• THE PROBLEM
Within the records below, find the line with "salmon fillets, skin-on" and the line with "s클래스 가솔 엔진은", then reproduce exactly those two lines and all lines between them, without any picture.

• DATA TO EXAMINE
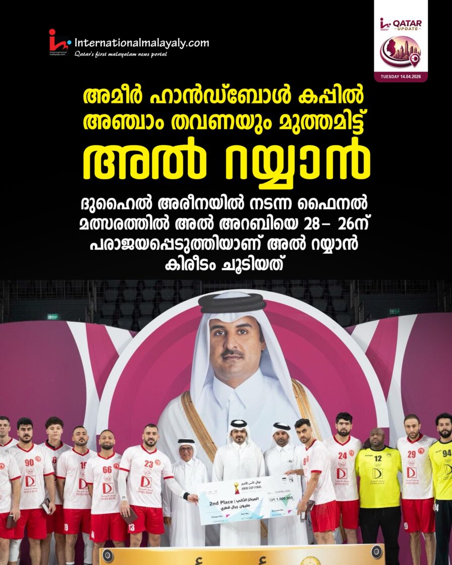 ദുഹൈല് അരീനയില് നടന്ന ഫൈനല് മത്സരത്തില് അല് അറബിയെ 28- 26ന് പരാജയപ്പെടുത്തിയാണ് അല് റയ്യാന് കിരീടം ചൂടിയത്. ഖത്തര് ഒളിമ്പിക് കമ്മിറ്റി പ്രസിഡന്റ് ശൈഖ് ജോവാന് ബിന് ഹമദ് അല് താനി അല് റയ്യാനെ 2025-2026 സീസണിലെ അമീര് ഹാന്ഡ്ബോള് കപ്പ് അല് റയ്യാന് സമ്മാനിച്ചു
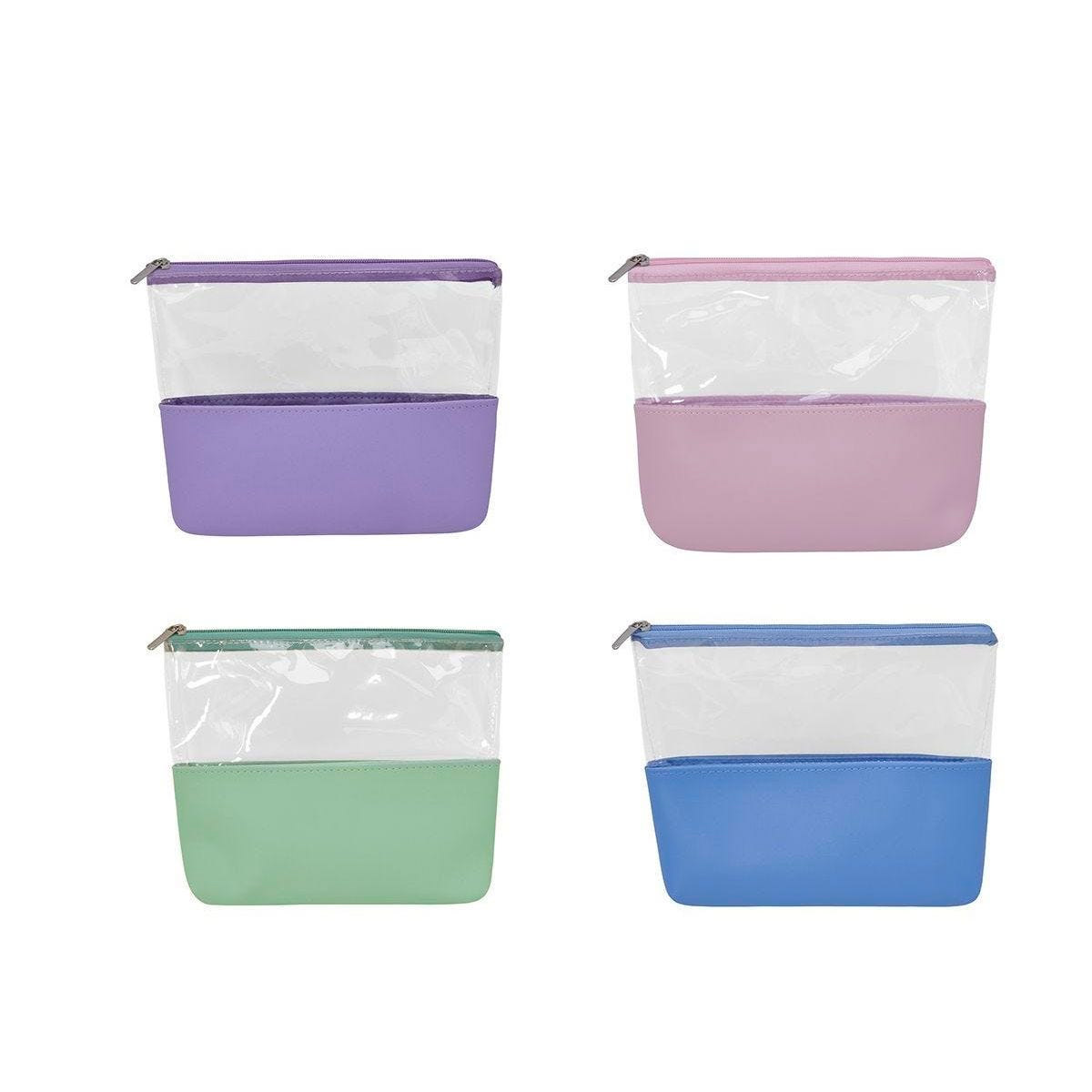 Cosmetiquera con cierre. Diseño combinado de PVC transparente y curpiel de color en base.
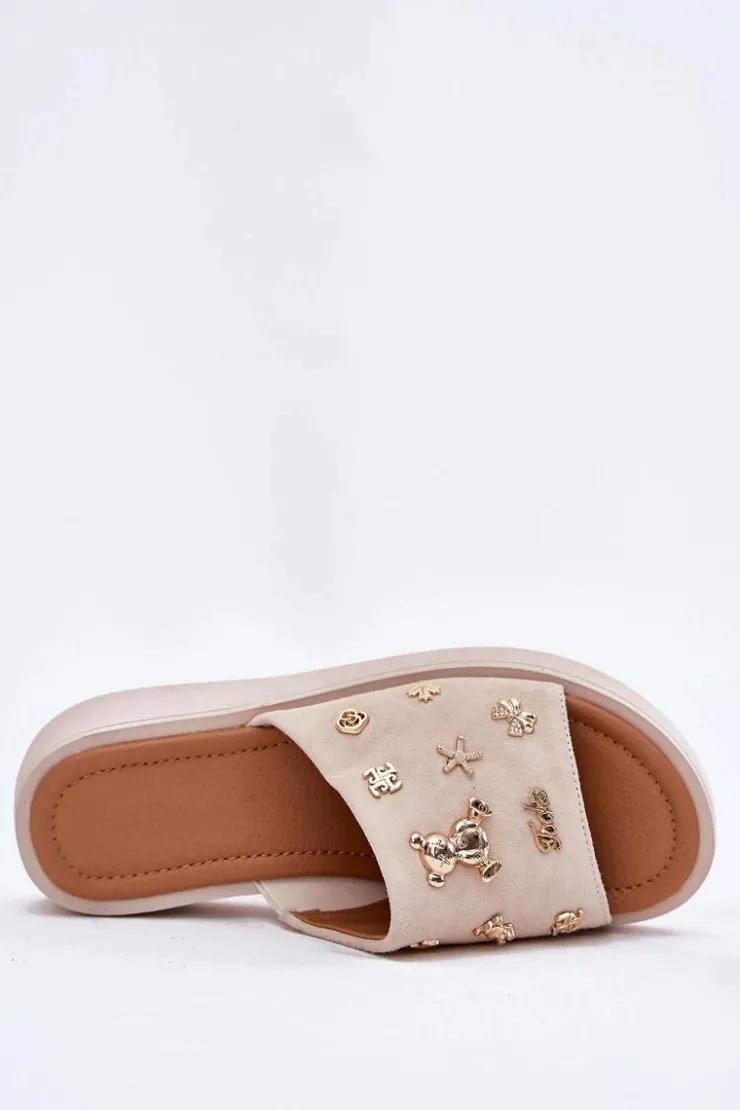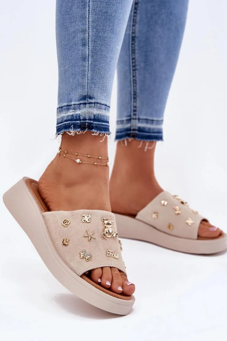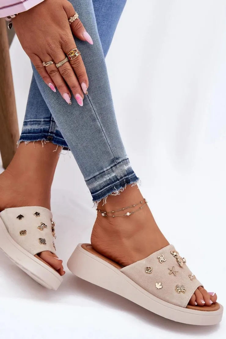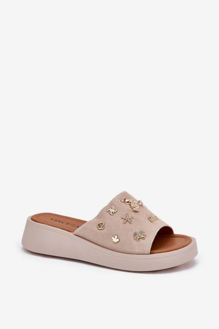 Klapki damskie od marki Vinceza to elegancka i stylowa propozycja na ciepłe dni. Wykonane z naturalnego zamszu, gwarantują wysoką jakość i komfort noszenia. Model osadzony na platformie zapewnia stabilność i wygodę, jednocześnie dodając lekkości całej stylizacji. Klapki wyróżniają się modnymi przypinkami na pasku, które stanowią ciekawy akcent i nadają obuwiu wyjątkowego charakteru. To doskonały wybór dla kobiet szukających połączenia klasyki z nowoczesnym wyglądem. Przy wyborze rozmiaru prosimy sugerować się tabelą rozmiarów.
* * *
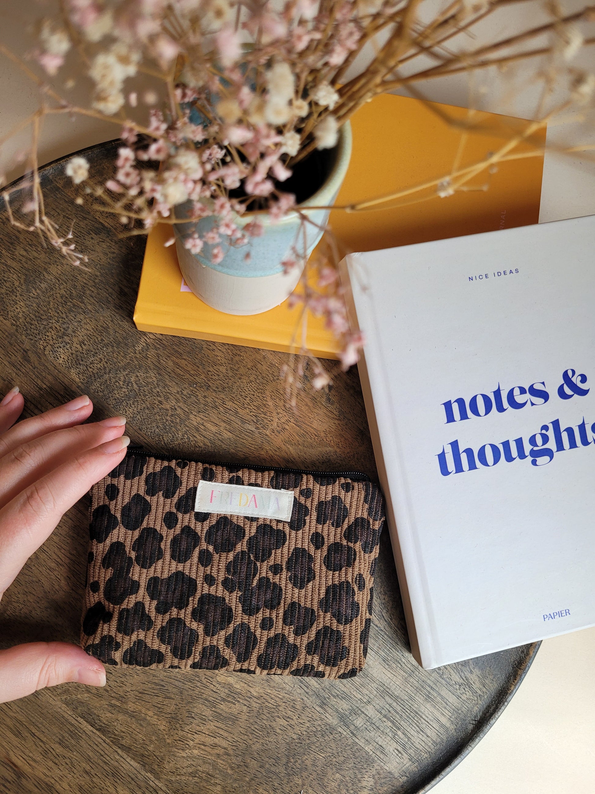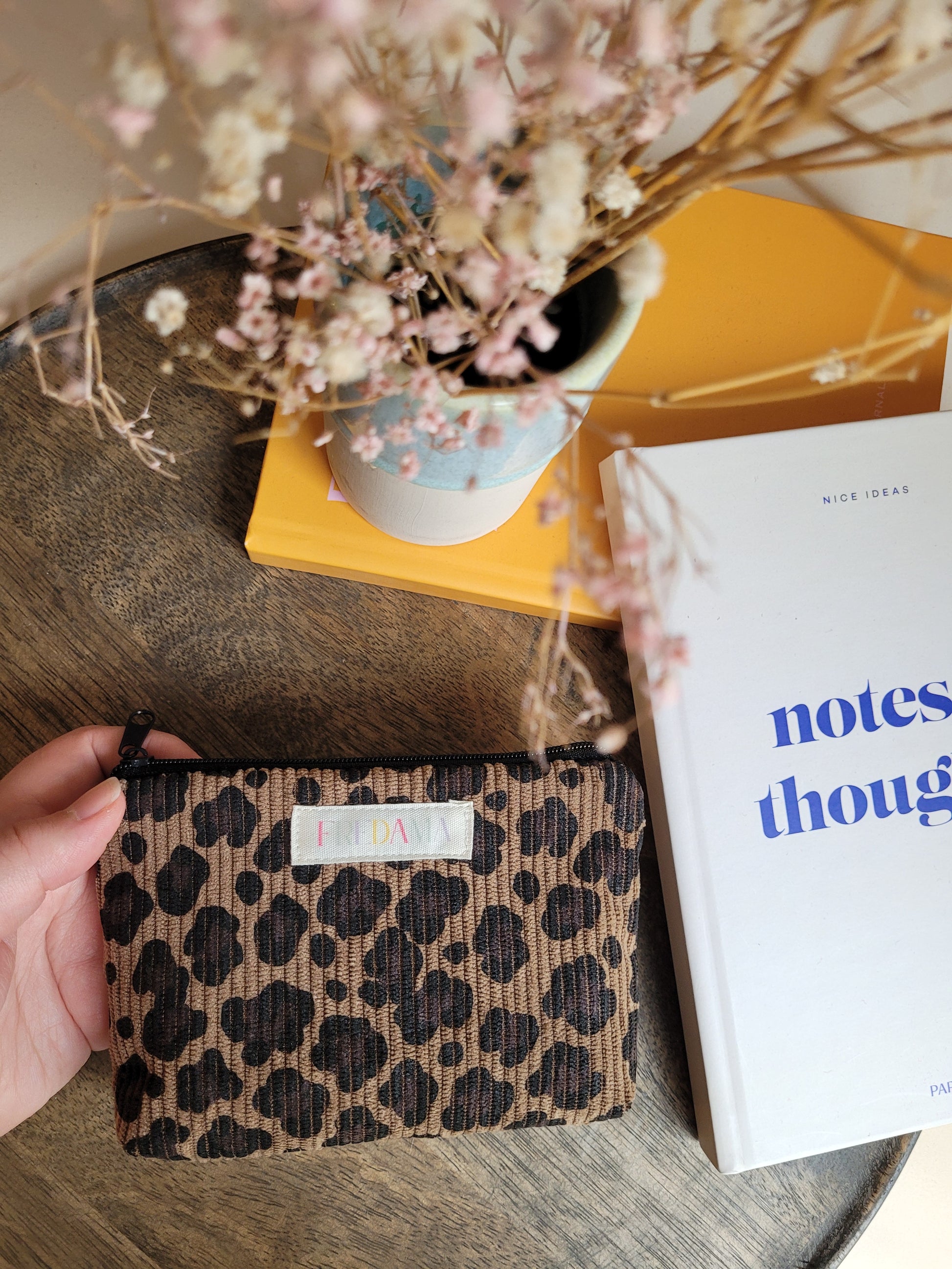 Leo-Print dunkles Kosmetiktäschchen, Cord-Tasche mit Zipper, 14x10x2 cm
==
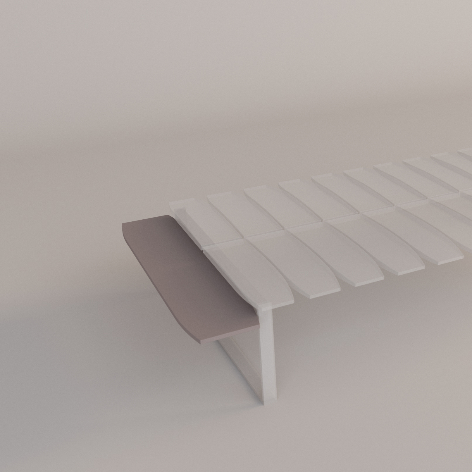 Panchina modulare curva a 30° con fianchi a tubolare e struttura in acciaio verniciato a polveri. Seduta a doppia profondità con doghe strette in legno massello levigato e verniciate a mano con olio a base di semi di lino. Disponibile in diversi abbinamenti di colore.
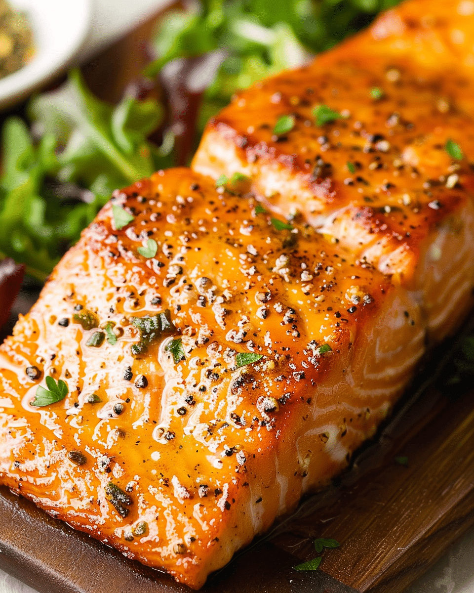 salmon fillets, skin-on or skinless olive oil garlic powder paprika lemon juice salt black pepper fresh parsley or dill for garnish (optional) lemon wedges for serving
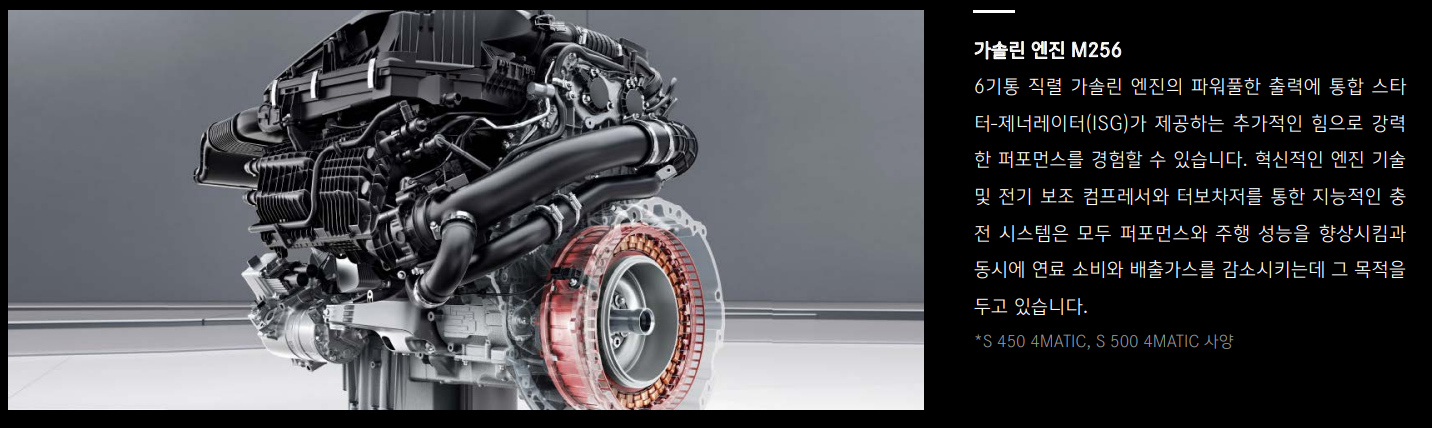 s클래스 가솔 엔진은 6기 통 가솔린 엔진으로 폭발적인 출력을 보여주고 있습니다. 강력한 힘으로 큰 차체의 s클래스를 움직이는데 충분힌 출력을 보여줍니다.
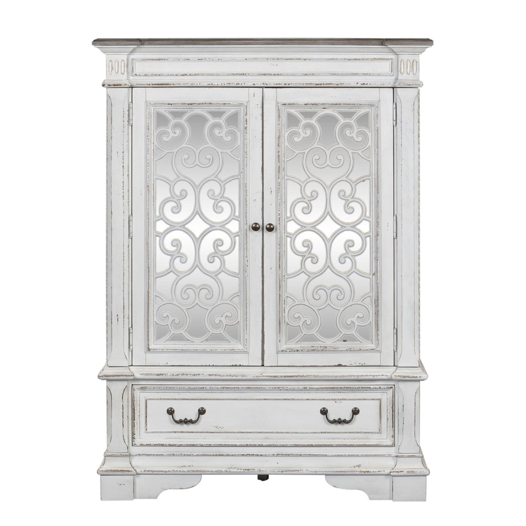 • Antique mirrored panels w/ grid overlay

• ANSWER BELOW
 salmon fillets, skin-on or skinless olive oil garlic powder paprika lemon juice salt black pepper fresh parsley or dill for garnish (optional) lemon wedges for serving
 s클래스 가솔 엔진은 6기 통 가솔린 엔진으로 폭발적인 출력을 보여주고 있습니다. 강력한 힘으로 큰 차체의 s클래스를 움직이는데 충분힌 출력을 보여줍니다.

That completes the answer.